Date Posted: 13 Jan 2021

Birds, bees, ladybirds and butterflies are beautiful, colourful and helpful. We all want them in our gardens, for they are fundamental to our biodiversity, and when we see them, we are enchanted. Other insects are important, too. Who hasn’t delighted in seeing a dragonfly dancing on the water?

Insects rely on plant life, hedging and seeds to survive. Like everywhere else, Cornwall’s hedges once teemed with insect life but hedge trimming and building, alongside new farming methods and pesticides had an adverse impact. Over times, bees and many butterflies were in obvious decline.

Now, people are aware of this, so Cornwall is proactively trying to encourage biodiversity. If you can see moths in the headlights, and plentiful butterflies as you walk the country lanes, then something is going right. Farmers now try to trim hedges later in the year after seeding, to protect bird and insect life.
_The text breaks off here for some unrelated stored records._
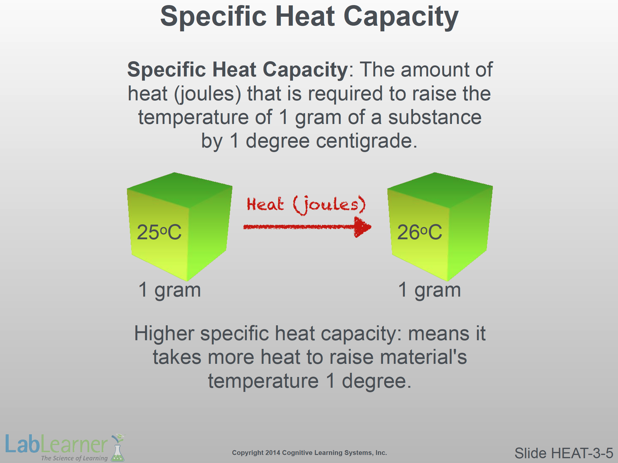 Note: In this slide, the temperature of a 1 gram cube is shown to increase from 25oC to 26oC. The amount of heat (in Joules) required to do this would be this substance’s specific heat capacity.
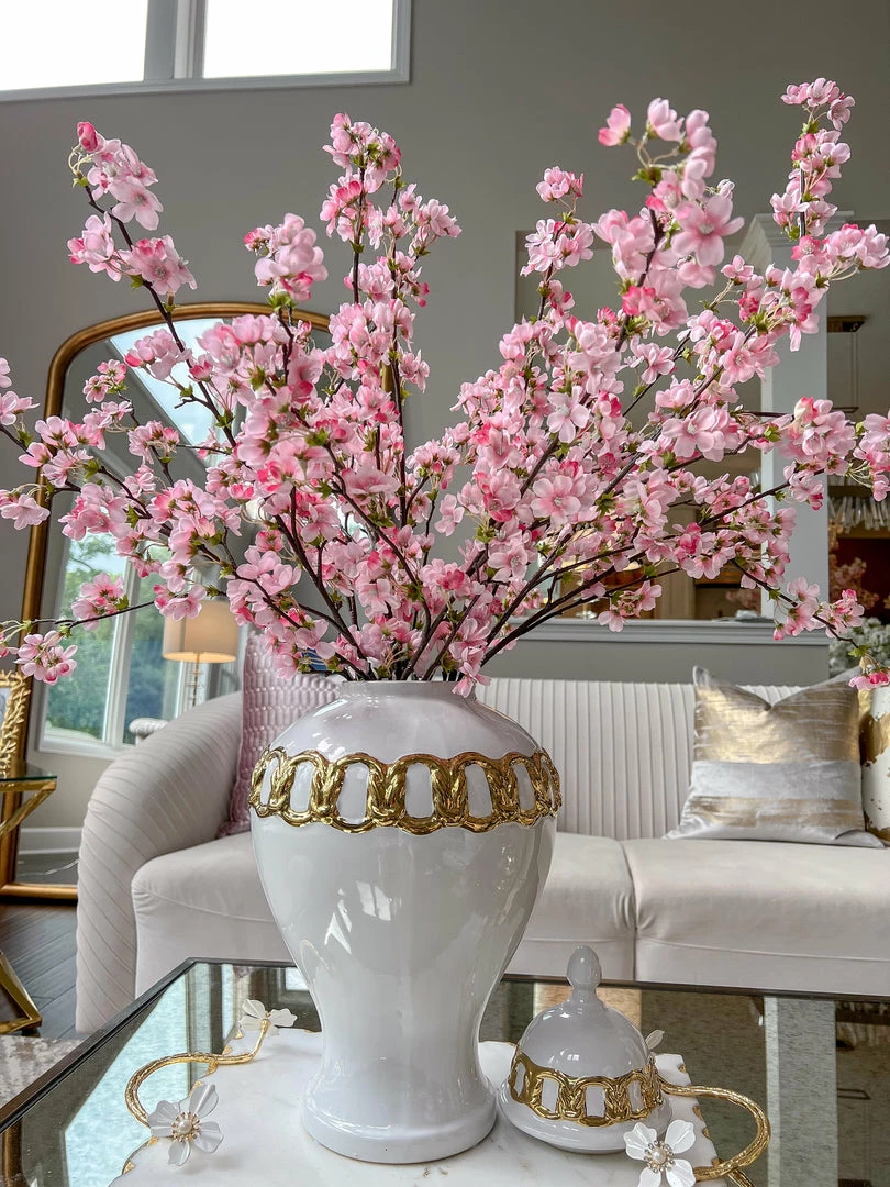 Inspire Me! Home Decor White Ceramic Vase With Stunning Gold Floral Detailed Center
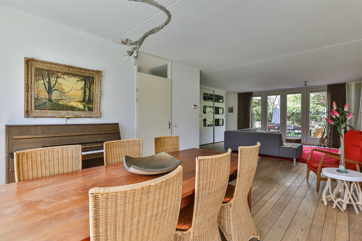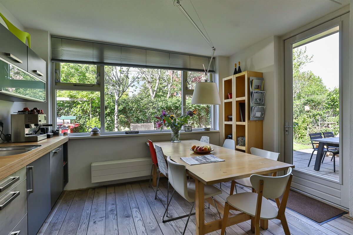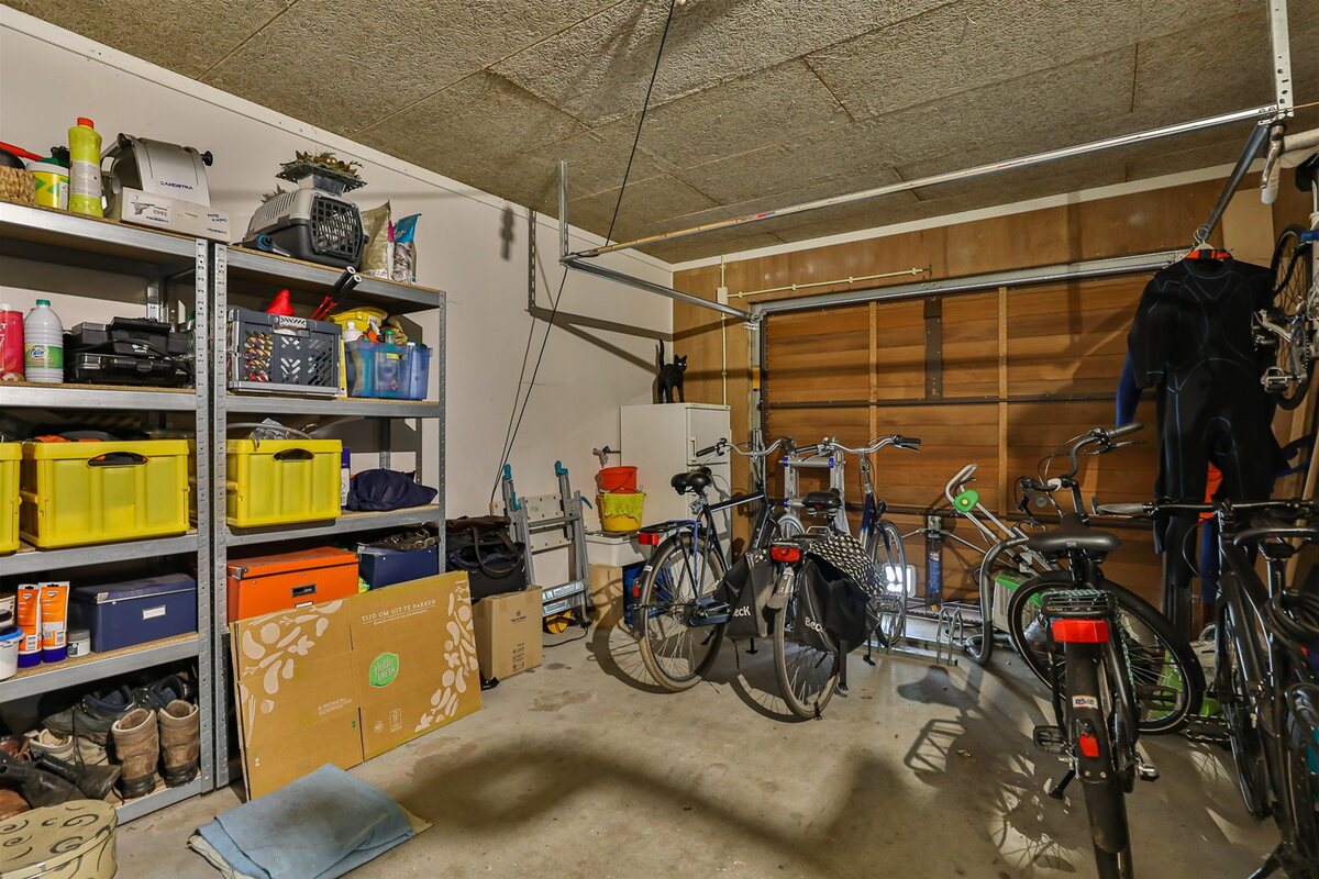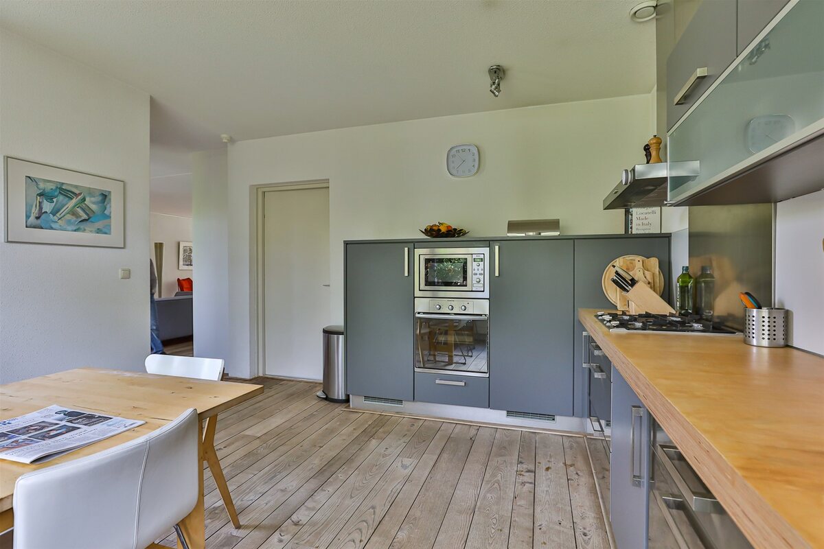 Indeling: hal met meterkast en trapopgang, toilet met fonteintje, ruime L-vormige woonkamer circa 51m² met essenhouten vloer en openslaande deuren naar het terras, halfopen woonkeuken circa 18m² met koelkast, diepvries, vaatwasser, oven, magnetron, kookplaat en afzuigkap, via de keuken toegang tot de tuin en binnendoor naar de garage van circa 22m².
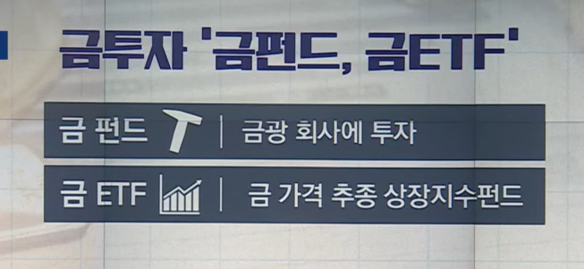 금 펀드 같은 경우에는 금을 캐는 회사라든지 혹은 금광을 갖고 있는 회사에 관련된 펀드에 투자를 하는 방식이고요 그 ETF 같은 경우에는 증권사를 통해서 증권 계좌를 열잖아요 이때 그 ETF를 매수를 해가지고 거래를 하고 수익을 얻는 방식이라고 보시면 되겠습니다.
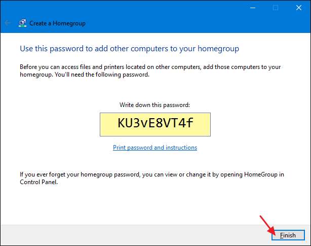 Στη συνέχεια, ο οδηγός θα σας δείξει έναν κωδικό πρόσβασης που θα χρειαστούν άλλοι υπολογιστές στο δίκτυο για να συμμετάσχουν στη νέα Οικιακή Ομάδα. Σημειώστε τον εάν θέλετε, αλλά μπορείτε πάντα να προβάλετε ή να αλλάξετε τον κωδικό πρόσβασης αργότερα εάν τον ξεχάσετε. Όταν τελειώσετε, κάντε κλικ στο «Τέλος».
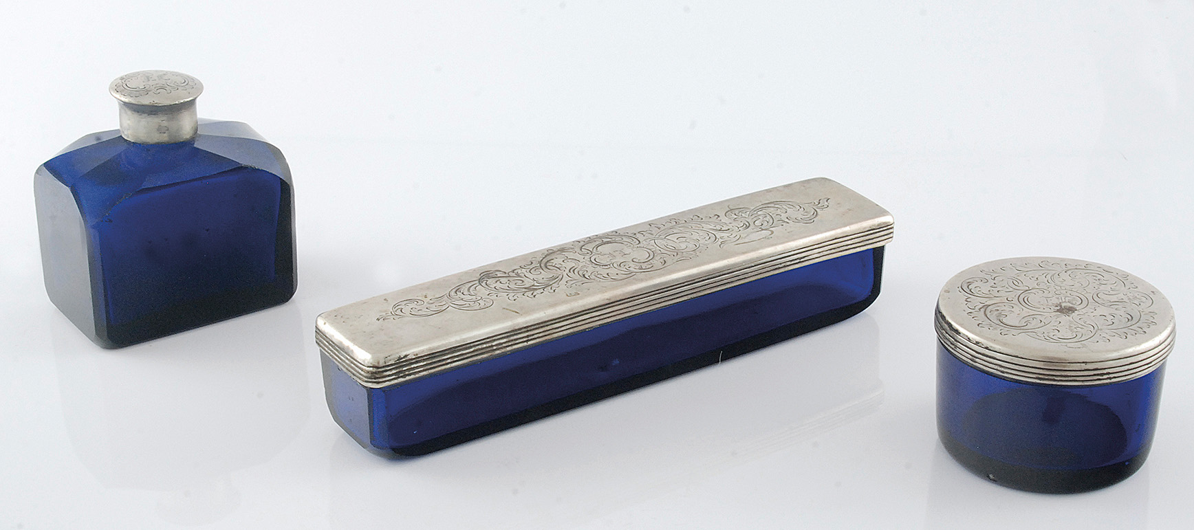 Ze szkła kobaltowego składający się z flakonu prostokątnego, fasetowanego, z krótką wąską szyjką z nakrętką srebrną? (niecechowana), słoiczka cylindrycznego i podłużnego pojemnika z wieczkami srebrnymi; wszystkie elementy metalowe dekorowane grawerowanymi liśćmi akantu i ceownikami z kogucimi grzebieniami, z rezerwą pośrodku, w której grawerowany monogram gotycki EE?;
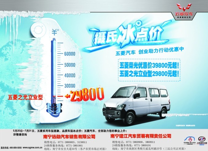 南寧遠勛6月舉辦五菱汽車攝氏冰點價,為你創(chuàng)業(yè)助上一臂之力。五菱榮光基本型最低39800元起;五菱之光立業(yè)型,最低29800元起;五菱宏光最低48800元起;五菱之光立業(yè)型(原色)28800元起!
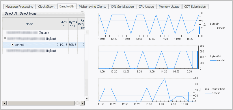 The Bandwidth tab displays metrics for bandwidth usage samples taken at prescribed intervals per second for a selected Agent Manager instance, including the bytes in, bytes out, and real request time for a selected servlet. The bandwidth statistics reflect the bandwidth (bytes per second) used by the Agent Manager instance data over a specific time interval.

Efforts have been made to manage special areas of heath, woodlands and clifftops to benefit butterflies.

If you stand still by a Cornish hedge, you will see for yourself what lives there: hover flies, blow flies, lovely red damselflies, and bees, among many other species, so if you see campion, foxgloves, thistles and knapweed, you will undoubtedly encounter insect life, too.

Plant life in Cornwall varies depending on where you are. As beautiful flowers fade and shrivel, seeds are left behind for birds and insects to enjoy and to be dispersed. Plants like sunflowers, cornflowers, calendula, teasels, forget-me-nots and lovely meadow flowers release their seeds at the end of the season.

Cornwall is working hard to help its pollinating insects. In fact, the Eden Project offers us all advice on how to do just that. So, leave insects undisturbed to do their job when you are walking, and Cornwall will continue to enjoy beautiful plants and flowers for future generations.